Franchement, j’avais déjà renoncé dans ma tête. Nicolas a dû le sentir, parce qu’il m’a signifié gentiment de lui laisser la place. Il a ouvert un tiroir, en a sorti une seconde fourchette pour accompagner celle que j’avais déjà dans les mains et a pris le relai. J’ai compris, en le regardant faire, que mon voisin avait repensé le principe du fouet (les deux fourchettes assemblées en creux). Il est ingénieur dans la vie, Nicolas, il a de l’idée. Il y a consacré un peu de temps, mais il y est arrivé, le bougre : il a détrôné mon arrière-grand-mère au rang de seule personne au monde à savoir monter des blancs en neige à la force du poignet (même s’il tremblait un peu le poignet de Nicolas à l’arrivée ! ). Il aurait voulu m’épater qu’il ne s’y serait pas pris autrement ! D’un coup, il n’avais plus besoin d’artifice (et du masque dont je voulais l’affubler) pour mettre des étoiles dans mes yeux !

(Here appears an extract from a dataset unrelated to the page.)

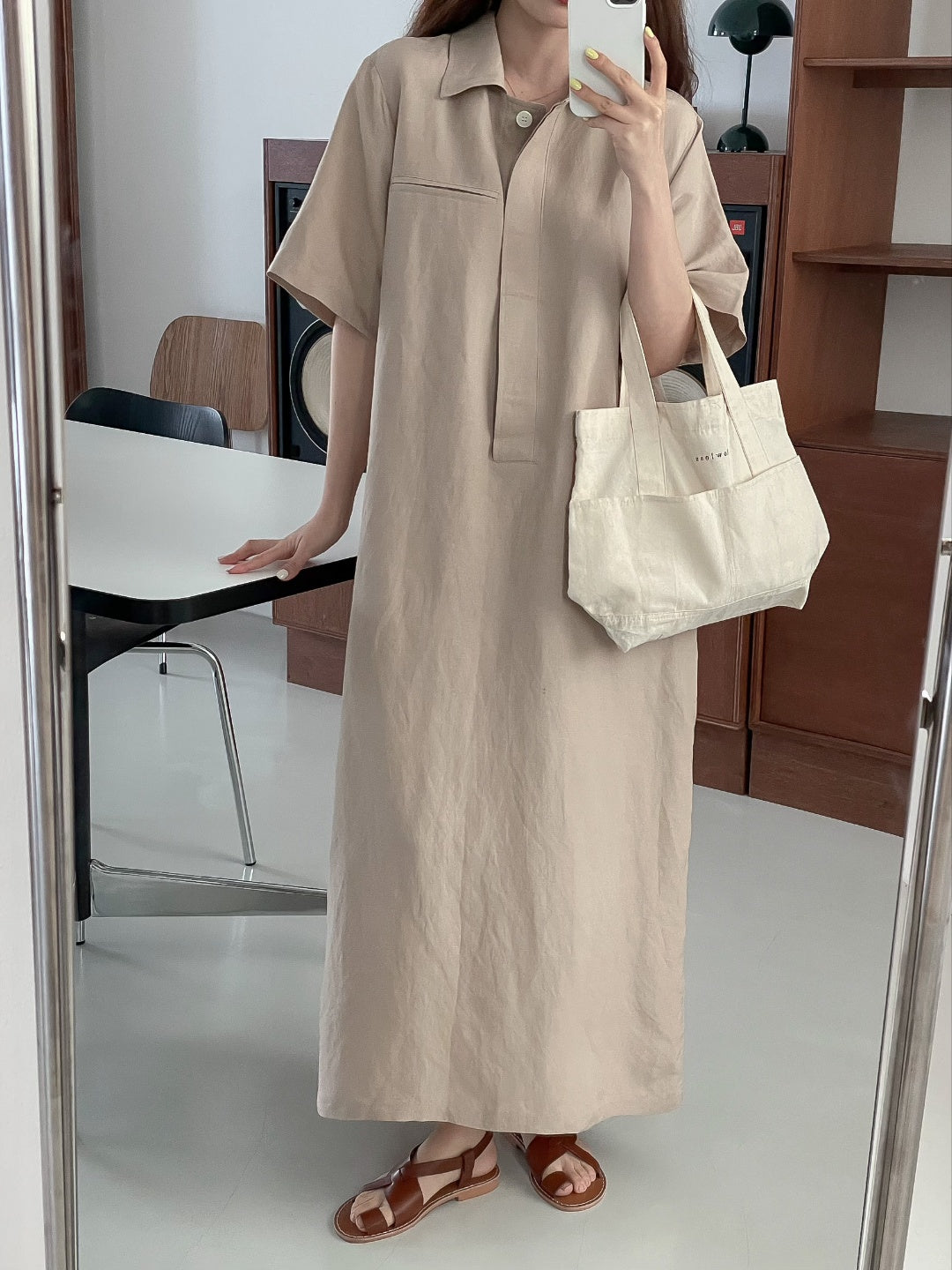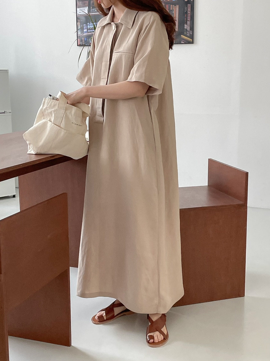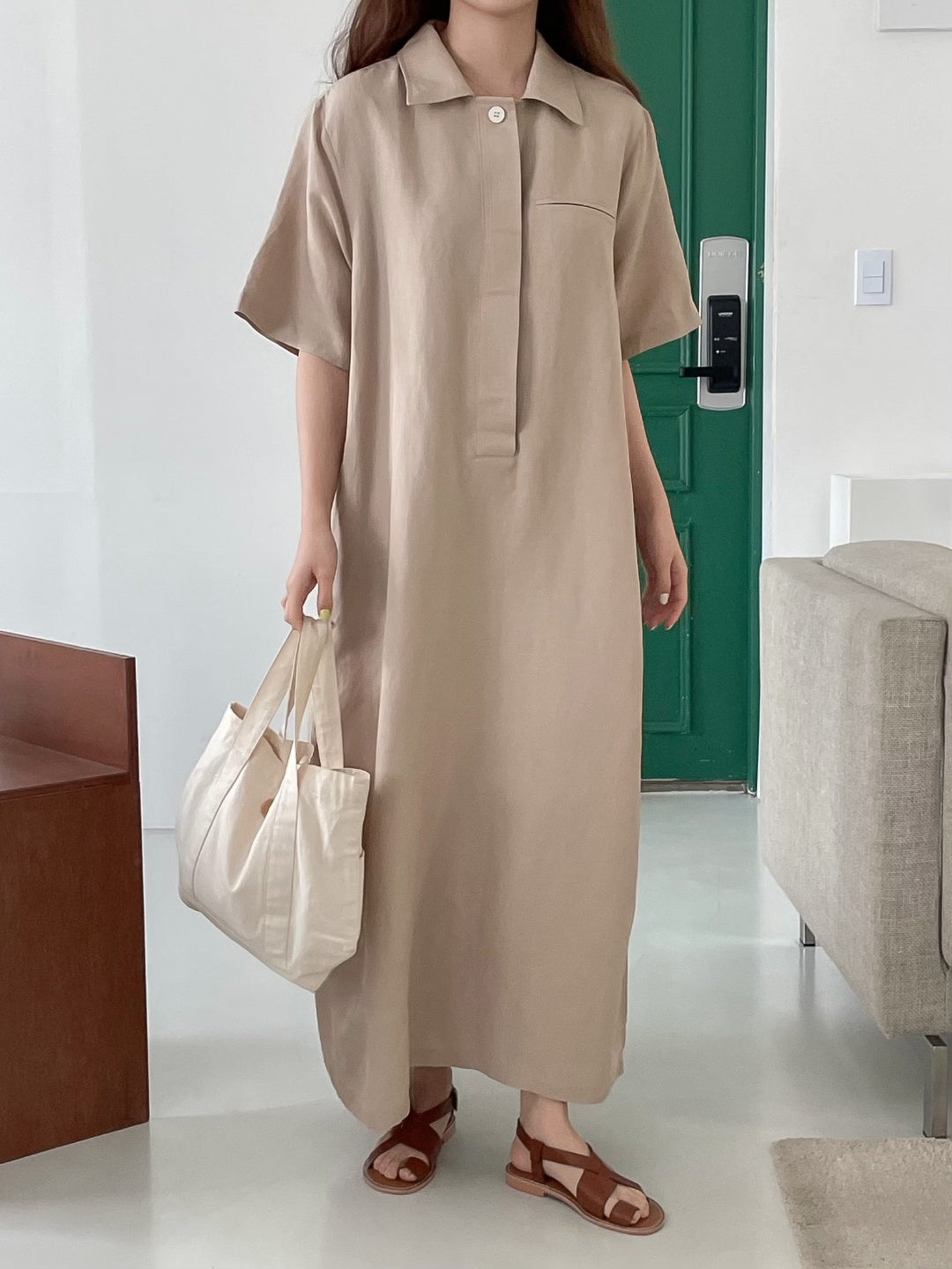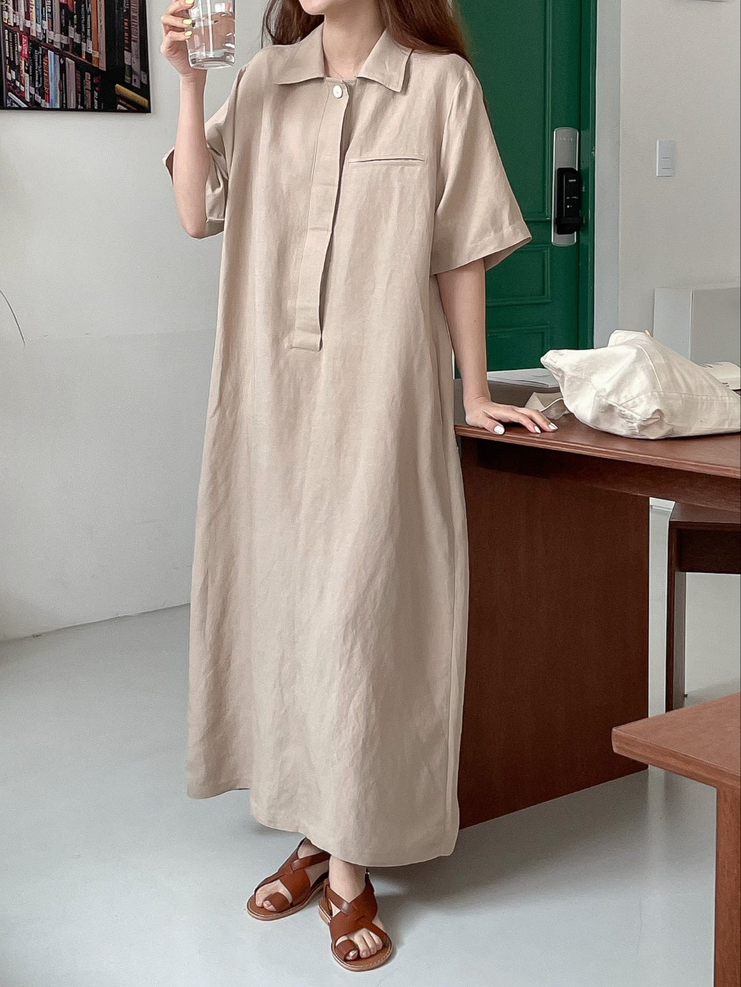 A-line shift maxi dress in cool touch linen blend

Il est tendre Nicolas. Et prévenant. Il n’a besoin de rien d’autre pour être épatant. Hier, j’étais un peu énervée. Hier, je me suis bloquée le dos. Hier j’avais un peu perdu le sens de l’humour (et encore plus en soirée après l’allocution présidentielle). Hier, c’était un jour sans et Nicolas l’a bien senti. Alors, ce matin, au saut du lit il m’a envoyé un message pour me demander si ça allait mieux. J’ai répondu par un smiley sans bouche. Il a renvoyé, « on t’a volé ton nez et bouche ? ». « Le sourire surtout », voilà ce que j’ai tapé en retour. Pourtant sa réflexion en avait amené un. Quelques minutes après, soucieux, sûrement, il sonnait à ma porte. Il ne savait pas que j’avais déjà commencé à écrire sur lui.
 

Là, je termine mon papier et Nicolas est assis en tailleur juste en face de moi (en biais) sur le canapé. Je l’observe à la dérobée concentré sur son ordinateur portable posé sur ses jambes croisées. Des jambes croisées terminées par des chaussettes rayées (j’adore sa collection de chaussettes rayées). Il télé-travaille comme moi.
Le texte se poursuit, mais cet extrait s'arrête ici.